President of the United States Donald Trump has arrived in Israel on the second stop of his first international trip. He was welcomed with great ceremony by Israeli Prime Minister Benjamin Netanyahu, a host of dignitaries, and a guard of honor. Israelis are looking forward to the president’s visit with a mixture of excitement and trepidation.

Trump is Israel’s new best friend

Netanyahu must look forward to greeting Trump on the soil of his country with great eagerness. He and President Barack Obama detested one another, a great impediment in a region where personal relationships matter.

Obama had treated Israel as at best an inconvenience and at worse as a quasi-enemy. The former president had forged a nuclear weapons deal with Iran that, in the view of Netanyahu and most Israelis, place the Jewish State in extreme peril. Obama had even bent every effort toward arranging Netanyahu’s defeat in the most recent Israeli elections/

Trump is a different matter altogether. He recognizes that Iran is a threat not only to peace in peace in the Middle East but the very existence of Israel. Trump’s speech in Saudi Arabia proved that the president regards terrorism with the utmost seriousness. Netanyahu can expect that Trump will provide lavish support for Israel as an ally in the war on terror.

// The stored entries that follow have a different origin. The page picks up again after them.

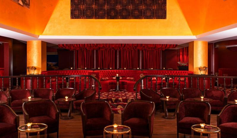 Tento bar a salónik je hotspot hotela pre exkluzívny nočný život s červenou kožou, lešteným tmavým drevom a zdobenými ozdobnými prvkami, ktoré dotvárajú atmosféru.
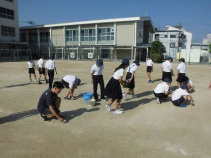 そして、運動場の石拾いもしました。本番に向けてたくさん小石を拾いました。
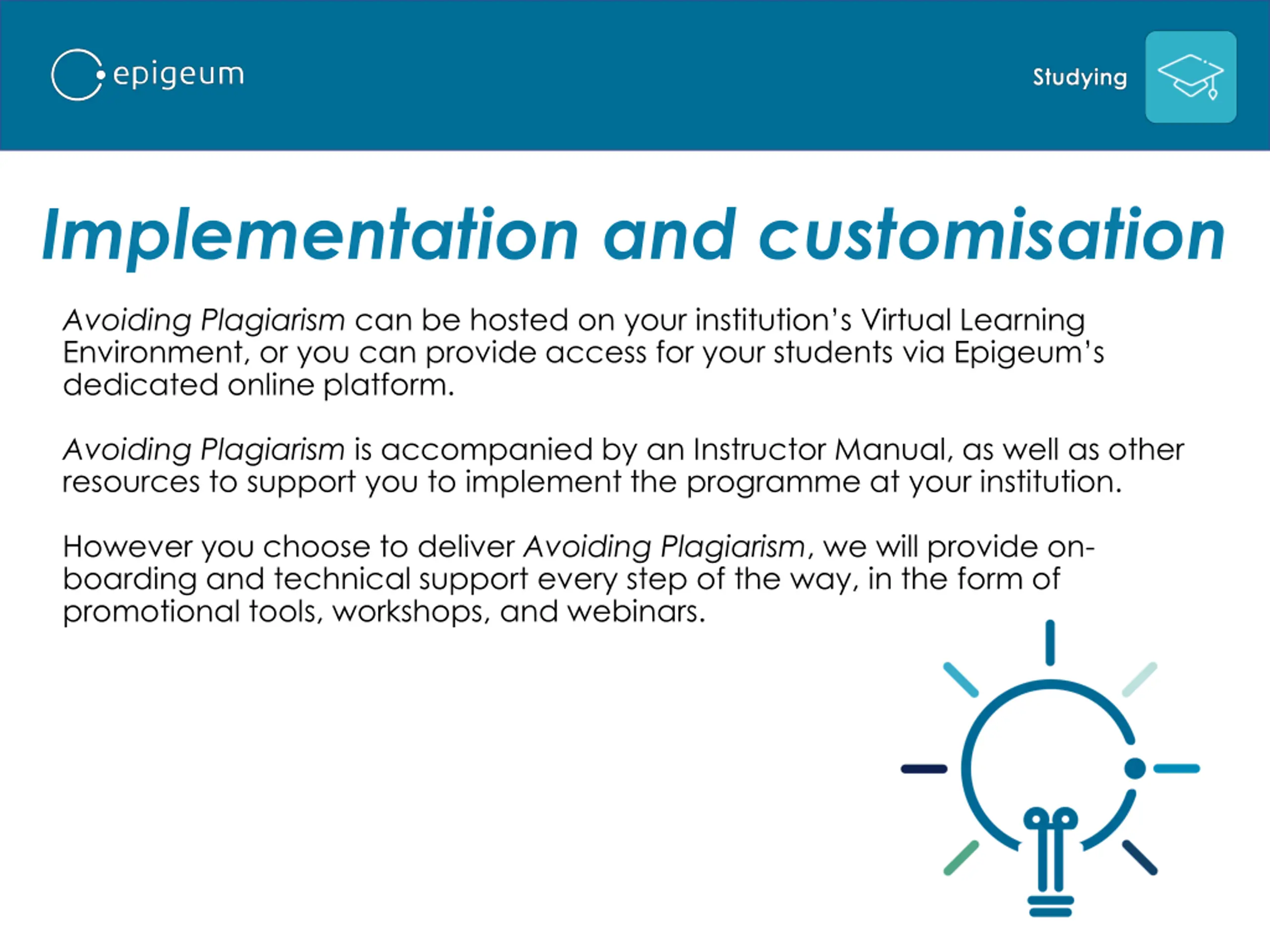 Implementation and customisation Avoiding Plagiarism can be hosted on your institution s Virtual Learning Environment, or you can provide access for your students via Epigeum s dedicated online platform. Avoiding Plagiarism is accompanied by an Instructor Manual, as well as other resources to support you to implement the programme at your institution. However you choose to deliver Avoiding Plagiarism, we will provide on- boarding and technical support every step of the way, in the form of promotional tools, workshops, and webinars.

He can also have much hope that the American president will bring with him business deals with Israel’s thriving high-tech industrial sector just as he did in Saudi Arabia.

Bringing the Art of the Deal to the Israeli-Palestinian conflict

The variant of an old saying states, “To make an American president mad, first get him to think that he can solve the Israeli-Palestinian conflict.” Trump would like to at least see peace talks between the Israelis and Palestinians, moribund since 2014, jump started.

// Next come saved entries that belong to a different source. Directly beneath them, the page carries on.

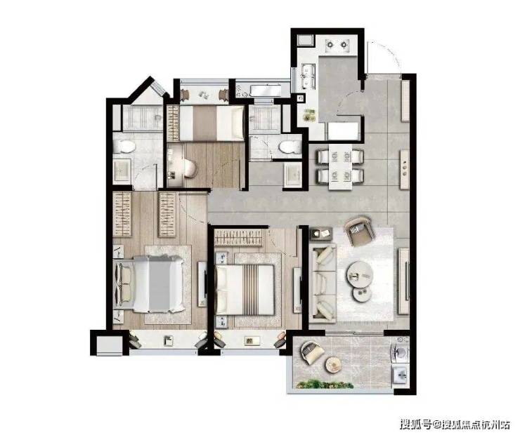 建面约86m²B样板间实景图
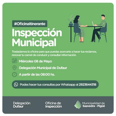 Quienes lo deseen pueden acercar sus inquietudes a la Delegación Municipal, realizar el trámite del carnet de conducir en el lugar, o contactarse vía Whatsapp al 2923 64 43 18 para que los inspectores puedan dar respuesta a estas consultas.
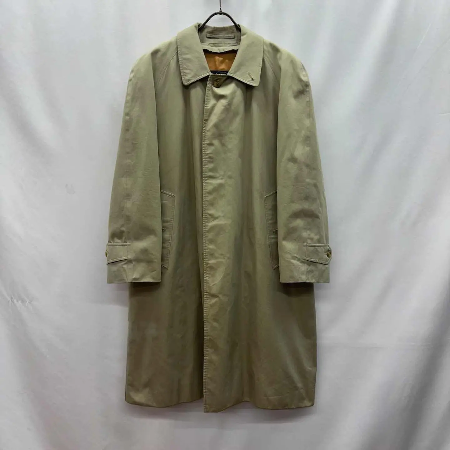 【サイズ表記】 46 short (170cm前後がジャスト) 【サイズ(cm)】 肩幅ラグランスリーブ(おおよそ54cm) 袖丈ラグランスリーブ(おおよそ57cm) 裄丈86 袖口(平置)17 腕周(平置)25 着丈100 身幅(脇下)59 【商品詳細】 生産国 :England ブランド:Burberrys カラー :ベージュ+緑の玉虫色 素材 :100% cotton 【コンディション】 B 【S】新品、展示品、デットストックなど 【A】使用感少なく、状態の良いUSED 【B】使用感あるが、目立つダメージや大きな汚れは無い。 【C】使用感と部分的にダメージや汚れ有り。 【D】使用感があり、大きなダメージや汚れ有り。 ※古着故、多少の着用感や細かい汚れがございます。古着に理解のない方のご購入はお控えいただけると幸いです。 また、撮影状況により色味に若干の差異が生じる事がございます。 【ジャンル】 ユーロヴィンテージ/EURO VINTAGE 【その他】 こちらの商品は古着商品となります。 全て1点のみの在庫となります、ご注意ください。

He will meet with Palestinian leaders while on this leg of his journey. Netanyahu must be nervous because, as history has shown us, every time an American president desires to do a little peacemaking, Israel is expected to make concessions while the Palestinians stand pat and make more demands. They prefer to have peace that does not include Israel or Jews anywhere in the Middle East.

What is likely to happen

Still. Israel is liable to be the gainer once Trump is wheels up on his way to the Vatican. Netanyahu will make sure that the president is lavished with every pomp, ceremony, and praise in public. But he will be a tough negotiator while in private. He will exact a price for entering into what is likely another kabuki dance with the Palestinians. Trump’s boundless ego will appreciate the former. Trump, the purveyor of the Art of the Deal, will hopefully be impressed by the latter.